Rural inspiration
Farmer-turned-artist Miao Huixin is urging children to document changes in the countryside through art.
Miao Huixin couldn't help but smile as he introduced his artworks to an audience in Xiuzhou district, Jiaxing, Zhejiang province, in June.
Miao, a 62-year-old former farmer, is excited to see many visitors are coming to his village to see his works. He has won many awards for his paintings of rural life. He was named one of 10"outstanding Asian artists" by Time magazine in 1998 and a national "excellent folk painter" at the 7th China Art Festival in Jiaxing in 2004. He has held solo exhibitions overseas such as in the United States and Japan.
"None of that would have been possible without farmers painting," Miao says.

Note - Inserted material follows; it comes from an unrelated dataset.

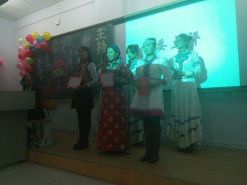 在蒙语组中,来自文化产业管理的娜木雅同学,以其落落大方的动作,感情饱满的语气和精彩的配乐朗诵,赢得了评委及现场观众的一致好评,成为蒙语组冠军。而来自历史蒙班的扎松宝力尔和查苏娜两位选手,也凭其出色的表现分别获得亚军季军。

Farmers painting took roots in rural China in the 1950s, with distinctive historical and social elements in the early days after New China was founded. In 1984, the then Ministry of Culture (now Ministry of Culture and Tourism) and the China Artists Association held the first national exhibition of farmers painting in Beijing, which encouraged the development of this kind of art. Rural artists with different styles emerged from all over the country.
Miao began painting in the early 1980s, when local authorities offered training to him and a few other farmers who had some painting experience.
"I started copying artworks at age 18, and people around me knew it," Miao says.